Wanita dengan surai sewarna musim semi itu baru saja kembali dari makan siang damainya bersama Nona Muda Yamanaka Ino yang terhormat—sahabatnya. Namun naas tak dapat dielak, penganggu itu akhirnya muncul juga. Dan sialnya kemunculannya disaat ia sedang tidak mood untuk bertengkar.
"Percepat langkah kita Ino. Aku sedang sangat malas bertemu dengannya saat ini," Sakura mendesis sebal sambil mempercepat gerakan kakinya. Memutar kedua bola matanya bosan, Ino menyetujui perkataan Sakura dengan satu anggukan kecil. Ia juga sedang tidak ingin mendengar adu mulut antara Naruto dan Sakura.
"Ino."
Naas kedua kali lagi tak dapat dielak. Wanita bermata biru dengan surai pirang pucat yang mempesona itu terinterupsi sebuah suara lembut lain yang datang dari arah yang sama dengan suara Naruto.
Sakura mendecak kesal. Lalu ikut menghentikan langkah kakinya bersama dengan Ino.
Mau tak mau kedua wanita itu membalikkan badannya. Sakura lantas melipat kedua tangannya di dada yang kemudian diikuti dengusan kecil dari hidungnya.
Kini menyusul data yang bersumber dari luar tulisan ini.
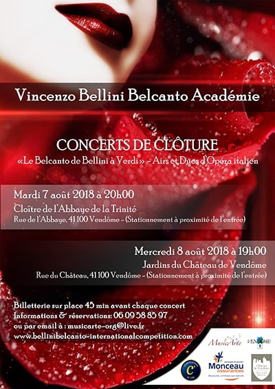 Outre ses concerts de clôture de l’Atelier d’été, le mardi 7 août au cloître de l’abbaye de la Trinité de Vendôme et le mercredi 8 août dans les jardins du château de Vendôme, la Vincenzo Bellini Belcanto Académie reprend ses quartiers d’été au sein du Campus de Monceau Assurances à Vendôme.

"Sai," Ino langsung berhambur kearah orang yang dipanggilnya 'Sai' itu. Meninggalkan dan tidak memperdulikan tatapan protes Sakura saat ia telah berpindah posisi di hadapan pacarnya.
"Bisa kau temani aku sebentar?" seperti biasa, Sai memasang senyum palsu yang selalu Sakura anggap menyeramkan. Namun sangat 'kawaiiii' bila Ino yang mengatakannya. Sempat terpikir dibenak Sakura bahwa Sai mungkin adalah alien, atau boneka perang, atau bahkan zombi tak berperasaan yang sengaja dibangkitkan!
Oke—ini berlebihan. Mungkin Sakura terlalu banyak menonton film dengan genre fantasi.
Dulu—memang ia pernah berpikir begitu. Namun pikiran itu telah ia tepis jauh-jauh sekarang. Karena seiring berjalannya waktu, Sakura dapat melihat Sai sangat mencintai Ino dan bahkan mereka akan menikah dalam beberapa bulan kedepan.
Jadi... mana mungkin zombi tak berperasaan menikah? Tentu saja tidak mungkin.
-o-o-o-o-o-o-o-o-
Dan..
Disinilah Sakura berakhir sekarang..
Masih dengan tangan yang terlipat didepan dada, dagu terangkat keatas dan pose bossy khas Sakura Haruno, tanpa mempedulikan ratusan orang yang telah berlalu lalang di sekitarnya, ia menatap kesal manusia didepannya. Lebih tepatnya, saling menatap tak suka satu sama lain.
"Kau tak menoleh saat kupanggil namun saat lelaki lain menyebut nama wanita disebelahmu kau ikut menoleh, Pink," lelaki itu, Namikaze Naruto berkata sambil membuat gestur mengejek dengan bibirnya dan memasukkan kedua tangannya pada saku celana kerjanya. "Yahh setidaknya aku kali ini menang, kan?"
Sakura mendengus kecil saat melihat seringaian muncul dari bibir lelaki itu.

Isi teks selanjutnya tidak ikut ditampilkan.